*** Opening of Data ***

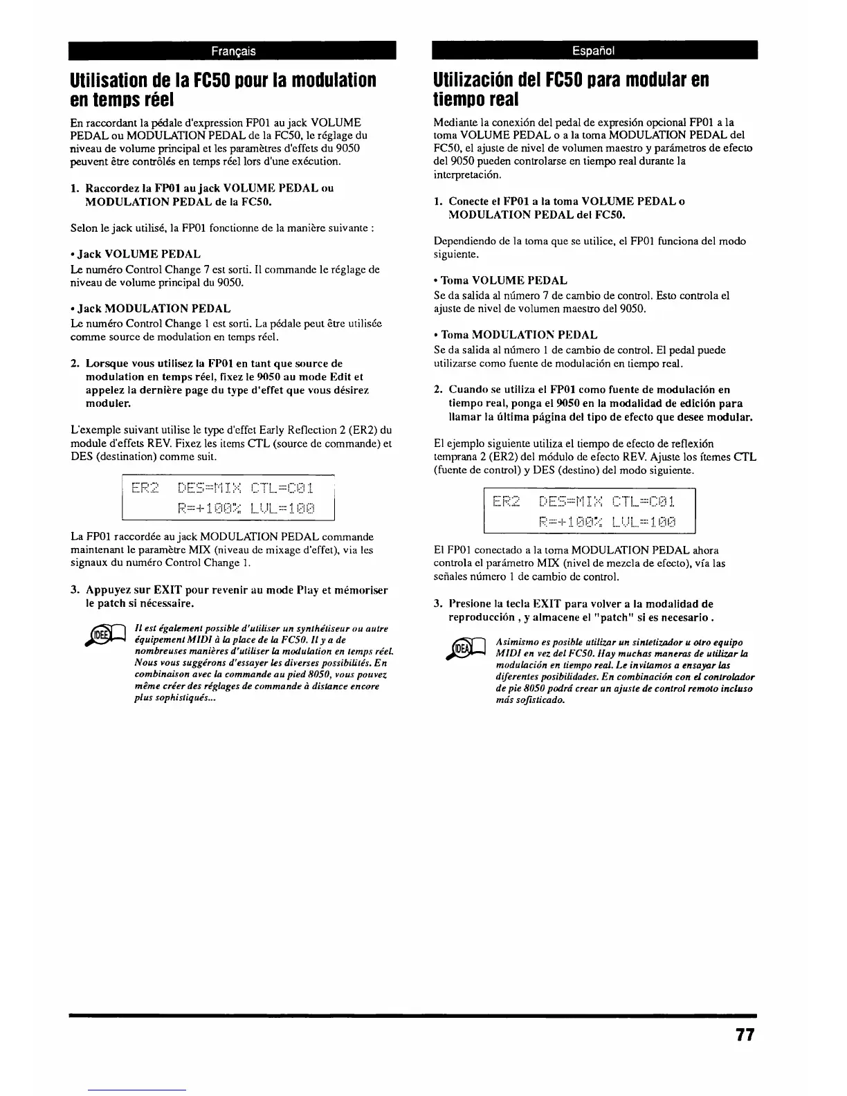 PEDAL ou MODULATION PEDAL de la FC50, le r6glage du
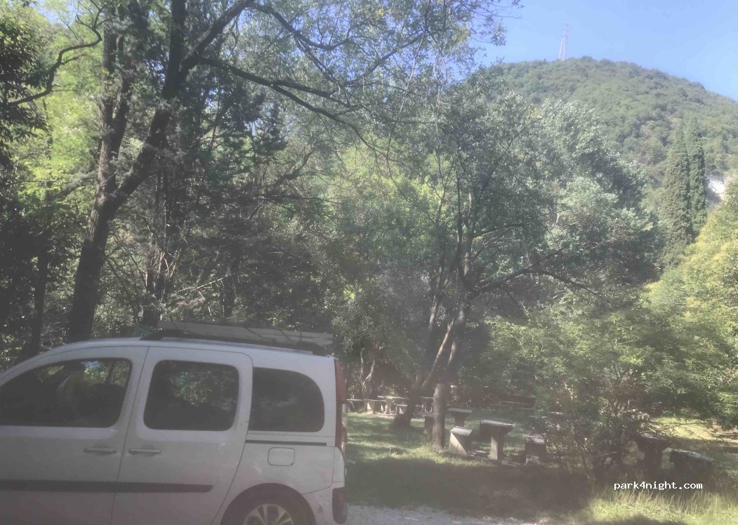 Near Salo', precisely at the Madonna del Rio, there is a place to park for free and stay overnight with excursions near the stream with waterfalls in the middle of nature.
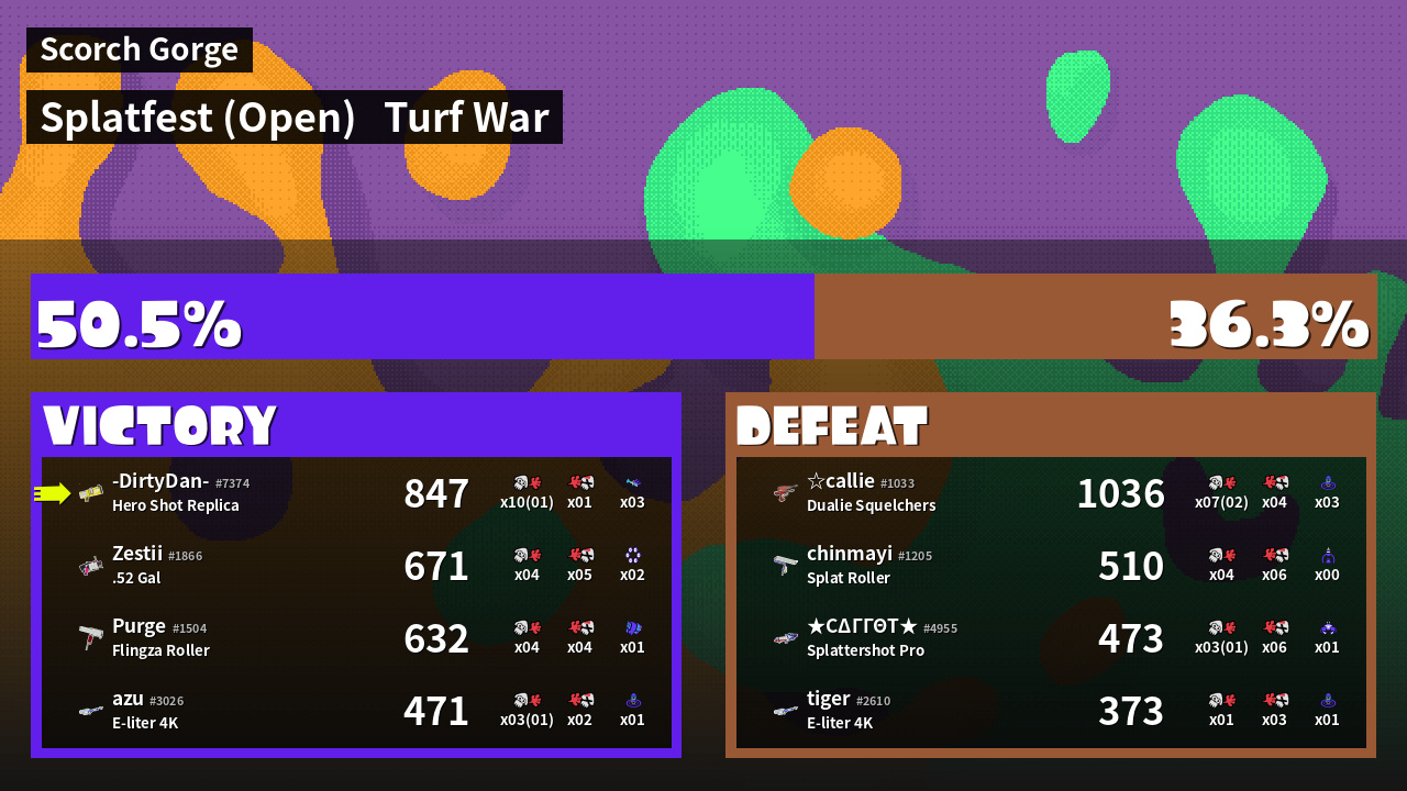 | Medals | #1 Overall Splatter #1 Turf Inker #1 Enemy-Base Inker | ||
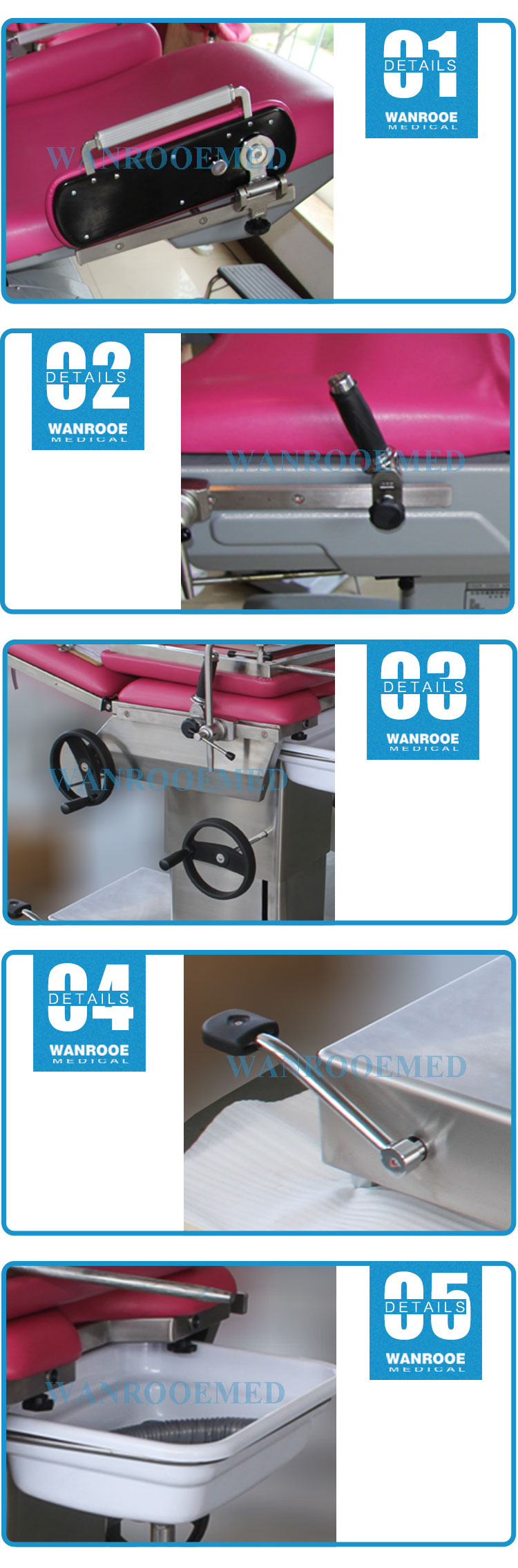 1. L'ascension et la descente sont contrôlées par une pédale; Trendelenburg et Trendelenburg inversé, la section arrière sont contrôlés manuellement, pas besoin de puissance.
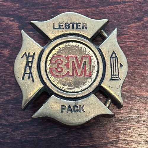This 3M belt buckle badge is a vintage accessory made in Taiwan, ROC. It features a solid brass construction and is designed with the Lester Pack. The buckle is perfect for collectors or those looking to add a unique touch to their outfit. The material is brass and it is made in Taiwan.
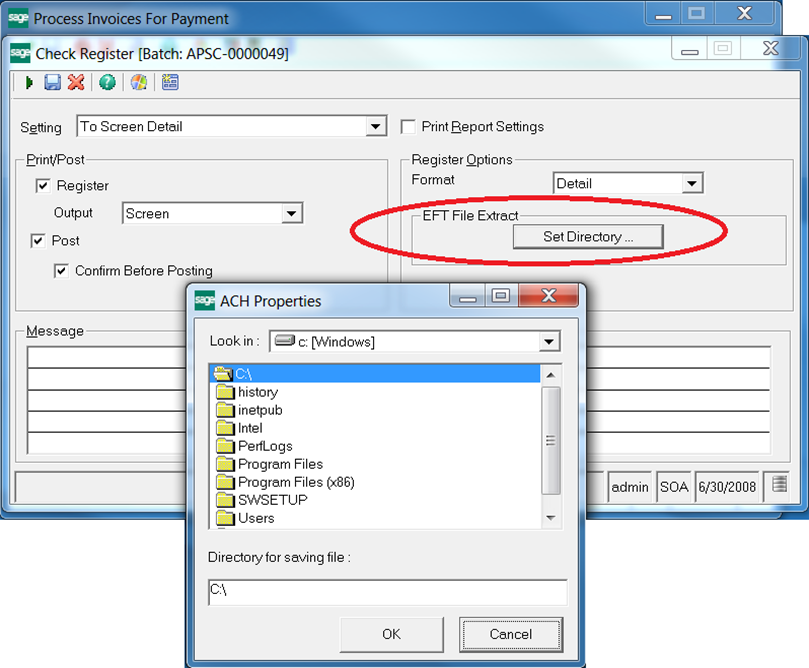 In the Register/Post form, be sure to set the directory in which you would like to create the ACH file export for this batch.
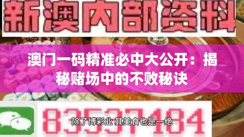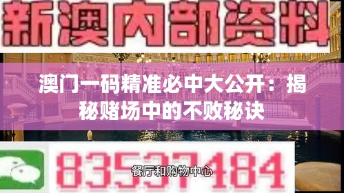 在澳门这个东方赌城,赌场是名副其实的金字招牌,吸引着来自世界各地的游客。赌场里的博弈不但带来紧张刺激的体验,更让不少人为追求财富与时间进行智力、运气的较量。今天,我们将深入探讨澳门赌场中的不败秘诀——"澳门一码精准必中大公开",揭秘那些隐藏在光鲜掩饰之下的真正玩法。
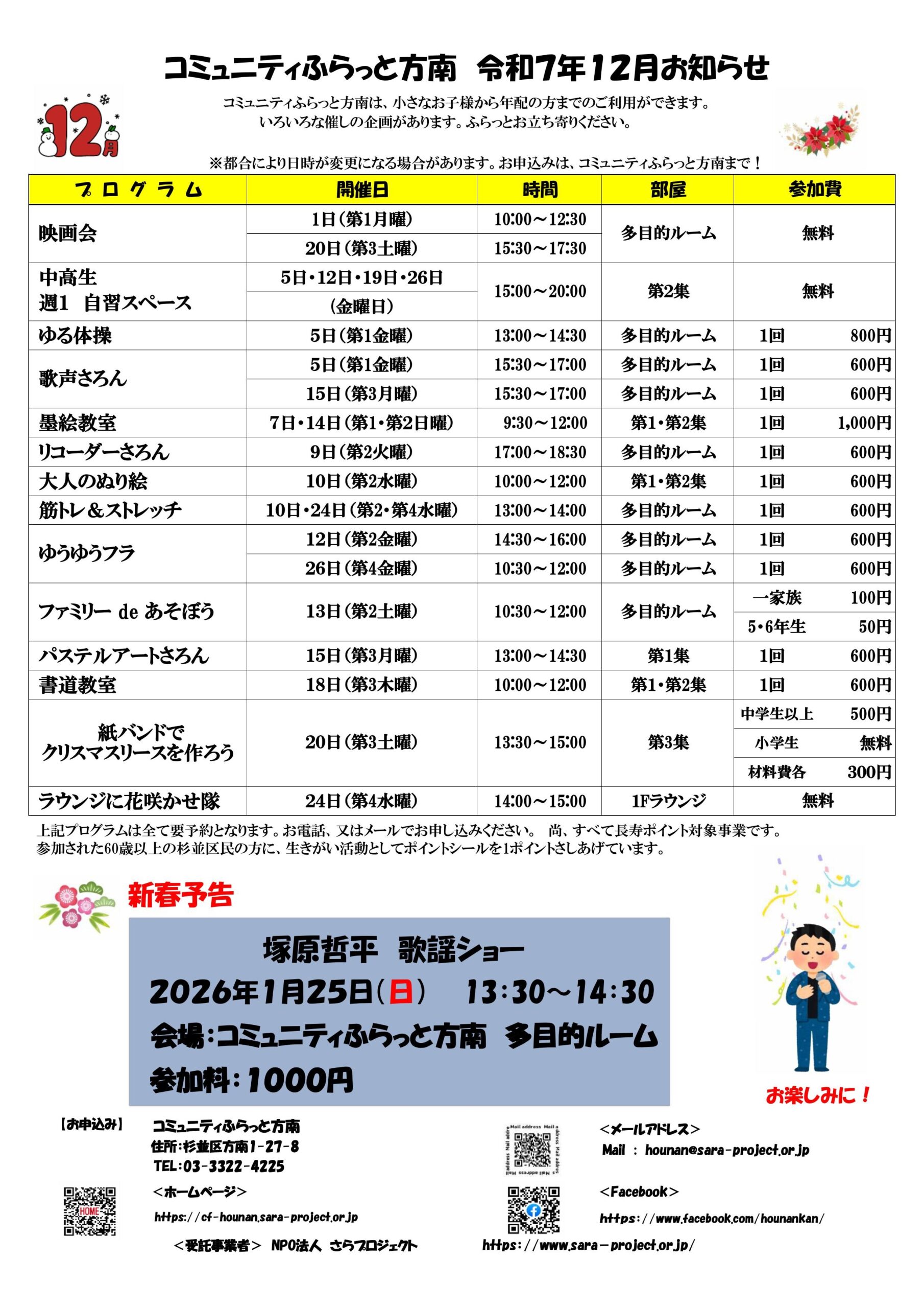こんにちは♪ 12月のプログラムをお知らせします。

*** Close of Data ***

Beginning at the line with "在澳门这个东方赌城,赌场是名" and ending at the last line of the listing above, retype each line exactly, including those two lines. Leave the pictures out.

 在澳门这个东方赌城,赌场是名副其实的金字招牌,吸引着来自世界各地的游客。赌场里的博弈不但带来紧张刺激的体验,更让不少人为追求财富与时间进行智力、运气的较量。今天,我们将深入探讨澳门赌场中的不败秘诀——"澳门一码精准必中大公开",揭秘那些隐藏在光鲜掩饰之下的真正玩法。
こんにちは♪ 12月のプログラムをお知らせします。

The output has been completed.